In Spring, a class is marked as a **Controller** and each of its methods is associated with an endpoint. The **method** is called to formulate a response to each request. This is done by two important annotations:

1. The `@RestController` annotation is used to declare a class as a controller that can provide application-specific types of data as part of an HTTP response. It combines the functionality of `@Controller` and `@ResponseBody`.
   * `@Controller` makes a class identifiable to Spring as a part of the web app.
   * `@ResponseBody` tells Spring to convert the return values of a controller's methods to JSON and bind that JSON to the HTTP response body.
2. The `@RequestMapping` annotation is used to wire request types and endpoints to specific class methods. It accepts many params:

* `path` determines where requests are mapped.
* `method` specified the HTTP method (defaults to `GET`).
* `params` filters requests based on given params.
* `consumes` specifies which media type can be consumed.

```java
import org.springframework.web.bind.annotation.RestController;
import org.springframework.web.bind.annotation.RequestMapping;
import org.springframework.web.bind.annotation.RequestMethod;

@Controller
public class VirtualLibrary{

  @RequestMapping("/books/all", RequestMethod.GET)
  public Book getAllBooks() {
    return getBook();
  }

}
```

## Base Paths

When the `@RequestMapping` is used at the class level, the specified path argument will become the base path and methods within the class can be further mapped.

```javascript
import org.springframework.web.bind.annotation.RestController;
import org.springframework.web.bind.annotation.RequestMapping;
import org.springframework.web.bind.annotation.PostMapping;
import org.springframework.web.bind.annotation.GetMapping;
import org.springframework.web.bind.annotation.PutMapping;

@RestController
@RequestMapping("/books") 
// or @RequestMapping(value = "/books", method = RequestMethod.GET)
// or @GetMapping("/books")
public class VirtualLibrary
{
  @RequestMapping(value = "/thumbnails", method = RequestMethod.GET)
  public String[] getBookThumbnails() {
    //returns thumbnails for all available titles
  }
}
```

## Query Params

**Binding** is the process of a user passing data to the server. For instance, when a user submits a book's ISBN, we need a way to **bind their entry to the endpoint** that will provide the response. This is achieved using the `@RequestParam` annotation in Spring.

```html
# Example GET request
libraryapp.com/book?author_count=2&published_year=1995
```

{% code overflow="wrap" %}

```java
import org.springframework.web.bind.annotation.RequestParam;
import org.springframework.web.bind.annotation.GetMapping;

@GetMapping("/book")
public Book isBookAvailable(@RequestParam int author_count, @RequestParam int published_year) {
  return books.find(author_count, published_year);
}
```

{% endcode %}

## Template Path Vars

The `@RequestParam` annotation is useful when we want to filter out the results or return serveral resources. However, if we want to return more specific entities we can use the `@PathVariable` annotation which maps template vars in the request URI directly to a method's parameters.

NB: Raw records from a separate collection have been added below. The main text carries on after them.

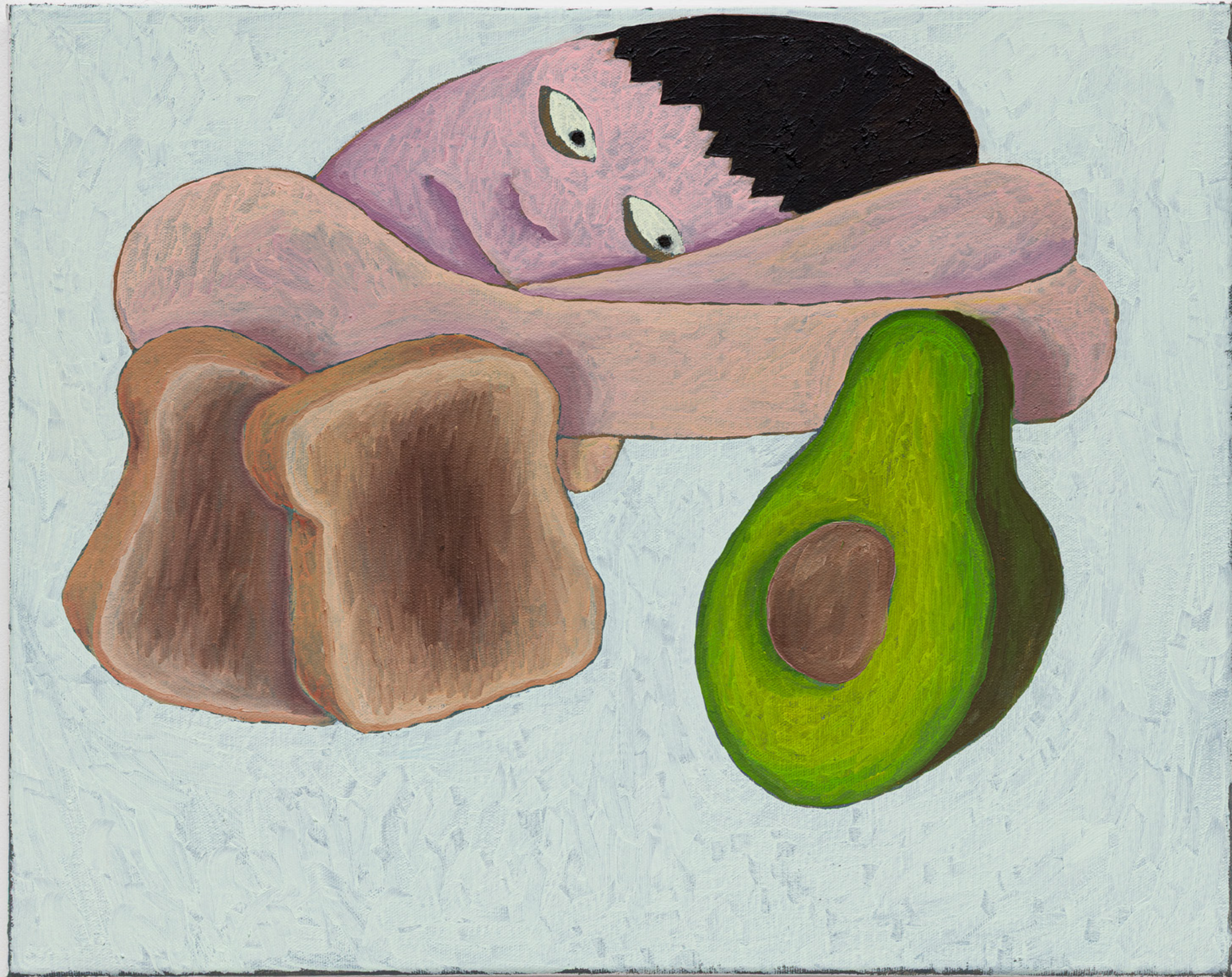
Ressaca, Torrada & Abacate, 2025

Óleo sobre tela [Oil on canvas] 40 x 50 cm [16 x 19 1/2 in] (FB0187)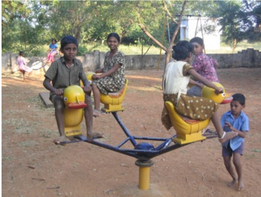
(deze foto is in januari 2009 gemaakt!)

De kleuterspeeltuin is vol gegroeid met onkruid, als het droger wordt zal dat veranderen en kunnen de kleintjes er weer heerlijk ravotten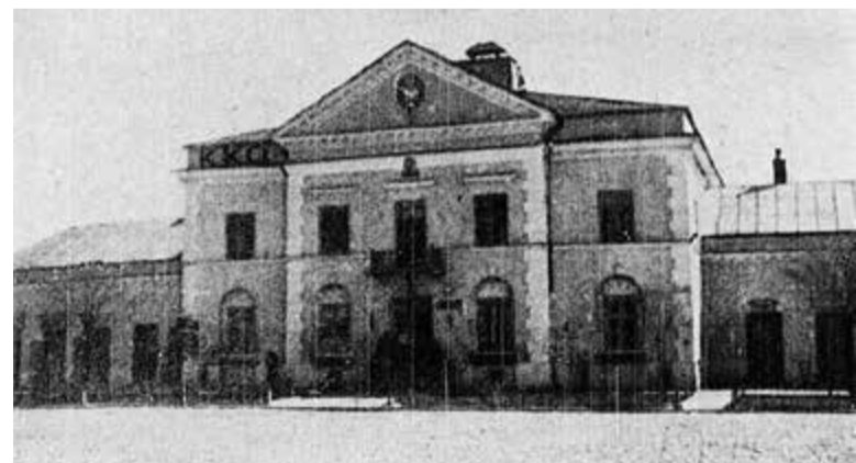
Góra Kalwaria – Tygodnik Ilustrowany z 1939 roku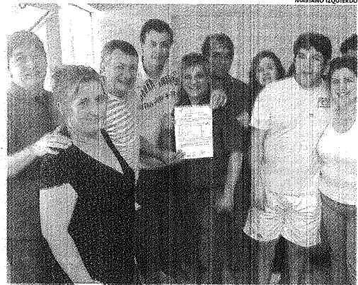
MIEMBROS DE LA T7 DE OCTUBRE Y ADHERENTES A LA CELESTE Y BLANCA.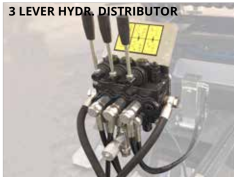
3 LEVER HYDR. DISTRIBUTOR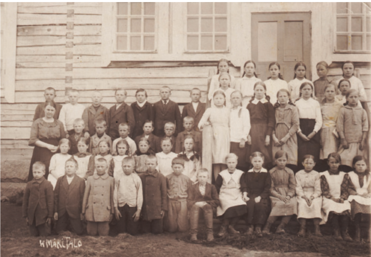
Koululaisia lukuvuonna 1920-1921.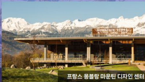
프랑스 몽블랑 마운틴 디자인 센터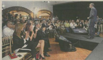
La redefinición de prevención será hacer sostenible y efectivo el Plan de Seguridad Ciudadana, con ayuda de las municipalidades.

der hacer su trabajo", aseveró el candidato.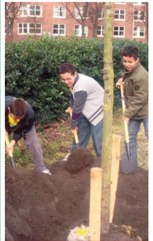
▶ Kinderen van de El Amien basisschool planten iepen op het plantsoen bij de Rustende Tuinder op de nationale Boomfeestdag.

Openingstijden van Het Digitale Bos: vrijdag 24 april van 19.00 – 21.00 uur en zaterdag 25 april van 10.00 – 17.00 uur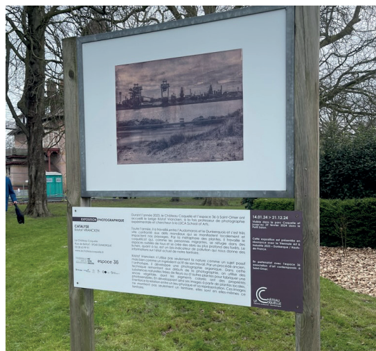
Kristof Vranken. Le Château Coquelle, Dunkerque. Résonance Triennale Art & Industrie.

For instance, if we have defined a path such as `/books/{id}` and use the URI `localhost:4001/books/28937`, and we want to pass the path var `28937` to a method's `id` parameter, we would have the following code.

```java
import org.springframework.web.bind.annotation.GetMapping;
import org.springframework.web.bind.annotation.PathVariable;

@GetMapping("/{id}")
public Book isBookAvailable(@PathVariable int id)  {
  return book.findByID(id);
}
```

{% hint style="warning" %}
`@RequestParam` captures the `id` included in the URI `/books?id=28937` and `@PathVariable` captures the `id` included in the URI `/books/28937` as long as the path includes the `{id}` variable in `books/{id}`.
{% endhint %}

## Deserializing Into Objects

Instead of parameters, we might want to receive an entire form object via an HTTP request. The `@RequestBody` annotation allows Spring to automatically deserialize the HTTP request body into a Java object which can be bound to the method and further processed. The objects can be created by matching attribute with values in JSON.&#x20;

```java
import org.springframework.web.bind.annotation.RequestBody;

// Define a Book object
class Book {
  public int authorCount;
  public int publishedYear;
}

// Define the controller
@GetMapping("/book")
public Book isBookAvailable(@RequestBody Book book) {
  return book.find(book.authorCount, book.publishedYear);
}
```

For this to work, a `POST` request that has the data in the request body instead of the URL is needed.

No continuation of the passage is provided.